Thursday, September 06, 2007

Another Thought on Liturgical Music

Last October I temporarily took on the job of cantor at our local church. I quit about a month ago, due to the upcoming busy-ness of this final year of high school, but over the course of those months I received many, many compliments.

I was mostly assigned Haugen, Haas, Schutte, Toolan, and all the rest of them, and went nearly crazy having to sing them every week. But I got plenty of compliments. I was told I had a lovely voice, a clear voice, a beautiful voice. I was told that it was such a pleasure to have me, that it was wonderful to see me up there singing every week.

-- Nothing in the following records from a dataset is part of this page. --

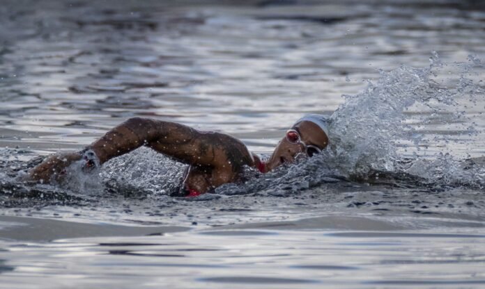 A brasileira Ana Marcela Cunha (na ponta direita) faz terceiro melhor tempo na etapa de Soma Bay (Egito), que serve de preparação para Mundial em julho, no Japão – Reprodução Twitter/World Aquatics
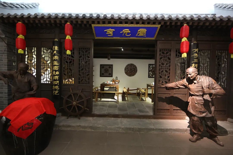 關(guān)闊先生說(shuō):慶元亨大門正面的影壁很壯觀,連影壁上的雕刻、文字都清清楚楚,大門橫批和兩邊的對(duì)聯(lián)都交代得非常清楚。匾額、對(duì)聯(lián)詞句之文雅,可以看出當(dāng)年的慶元亨除了興盛以外,還有一定的文化內(nèi)涵,求之今日而不可多得。
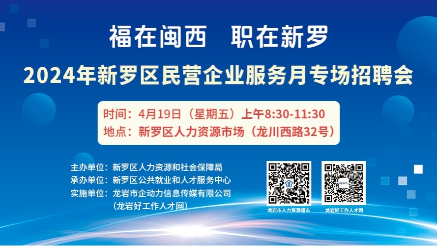 此次招聘會由新羅區(qū)人力資源和社會保障局主辦、新羅區(qū)公共就業(yè)和人才服務中心承辦,龍巖市企動力信息傳媒有限公司(龍巖好工作人才網(wǎng))實施,以“福在閩西 職在新羅”為主題,旨在幫扶畢業(yè)生、農(nóng)民工、就業(yè)困難人員、退役軍人等勞動者就業(yè)創(chuàng)業(yè),滿足企業(yè)和各類單位用工需求。

I'm surprised my head didn't swell to the exploding point... so many kind things were said about me (I think having to sing the banal music I did deflated me just a bit).

When May came along, so did the good old Marian hymns, and the music in general was much improved. I managed to work in two familiar chants... the Salve Regina and the Ave Maria.

The Ave Maria is just beautiful (like all chants, absolutely supernal), one of my favourite chants, and my favourite Ave (though I do appreciate the classic Schubert and Bach/Gounod versions). I sang it the second week of May, and afterwards was approached by one of the lady parishioners... no doubt, I thought, to pay me the usual compliments.

Well, there weren't any of the usual compliments. There weren't any compliments, in fact. She told me she hadn't heard Latin and chant since she was very young, and then went on to say how beautiful it was. I figured in the conversation very briefly... I was thanked for doing it.

And I've been thinking about that ever since. Isn't that the point, anyhow? The cantor, or choir, or whatnot is there to sing the pieces, and to do a beautiful job... but I'm more the background, so to speak. The main focus is God. Our rapture at the beautiful voices of the choir should be because it was hinting, with the very vaguest and slightest of hints, at the unimaginable beauty of God.

Or, in short, it isn't about me and my beautiful voice.

And I don't know if I'm right or not, but somehow I can't help but think that I was the center of attention when I was singing Haugen and Haas compositions... maybe my voice was the only beautiful thing they could hear in the music. At any rate, I got showered with praise.

But when I sang the Ave, the music was complimented. Apparently they found it more worthy of praise than my voice. And maybe that was because in that gorgeously haunting chanting, they found that it didn't matter if it was me singing it, or another nice young girl, or anyone at all, because the beauty of the music had raised their souls too far up to God to care.